Free vibration analysis of shells of revolution using GDQ method

In this paper, the Generalized Differential Quadrature (GDQ) Method is applied to analyze the dynamical behaviour of double curved shells of revolution. The GDQ method was developed to improve the differential quadrature (DQ) method for the computation of weighting coefficients [1]. It has been found that the GDQ technique can obtain accurate numerical solutions using just a few grid points and requiring very small computational resources. The First-order Shear Deformation Theory (FSDT) [2-4] is used to analyze the above moderately thick structural elements. The treatment is conducted within the theory of linear elasticity, when the material behaviour is assumed to be homogeneous and isotropic. The governing equations of motion, written in terms of internal resultants, are expressed as functions of five kinematic parameters, by using the constitutive and the congruence relationships.

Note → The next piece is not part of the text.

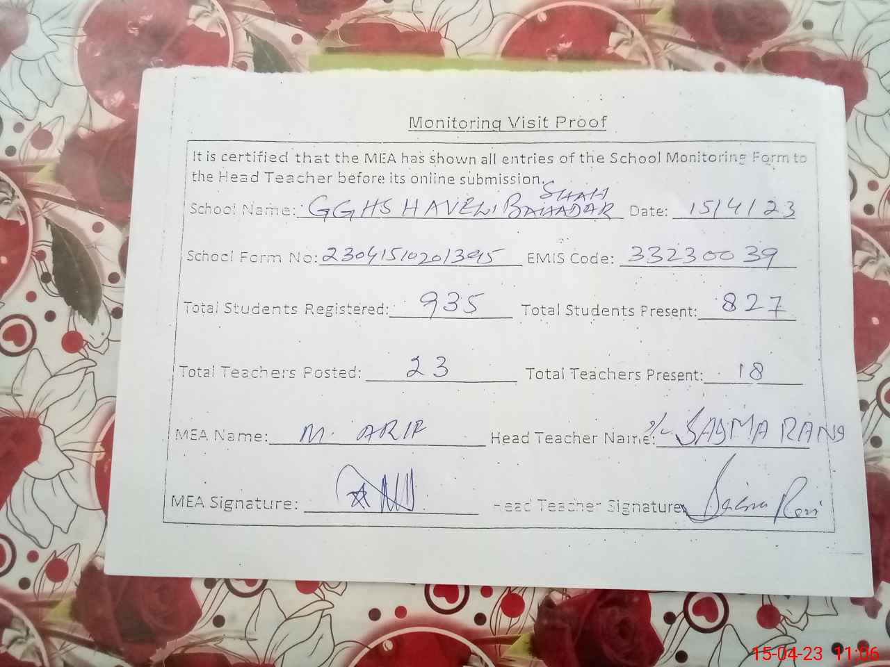 | Attendance Register | Head Teacher | MEA with School | Visit Proof |

The boundary conditions considered are clamped (C) and free (F) edge. The solution is given in terms of generalized displacement components of the points lying on the middle surface of the shell. By using the GDQ technique the numerical statement of the problem does not pass through any variational formulation, but deals directly with the governing equations of motion [5]. Referring to the formulation of the dynamic equilibrium in terms of harmonic amplitudes of mid-surface displacements and rotations, in this paper the system of second-order linear partial differential equations is solved, without resorting to the onedimensional formulation of the dynamic equilibrium of the shell. The results are obtained taking the meridional and the circumferential co-ordinates into account, without using the Fourier modal expansion methodology [4]. The discretization of the system leads to a standard linear eigenvalue problem, where two independent variables are involved. The results presented illustrate the validity and the accuracy of GDQ method. The convergence rate of the natural frequencies is shown to be very fast and the stability of the numerical methodology is very good. GDQ results, which are based upon the FSDT, are compared with those results obtained using commercial programs such as Abaqus, Ansys, Femap/Nastran, Straus, Pro/Mechanica.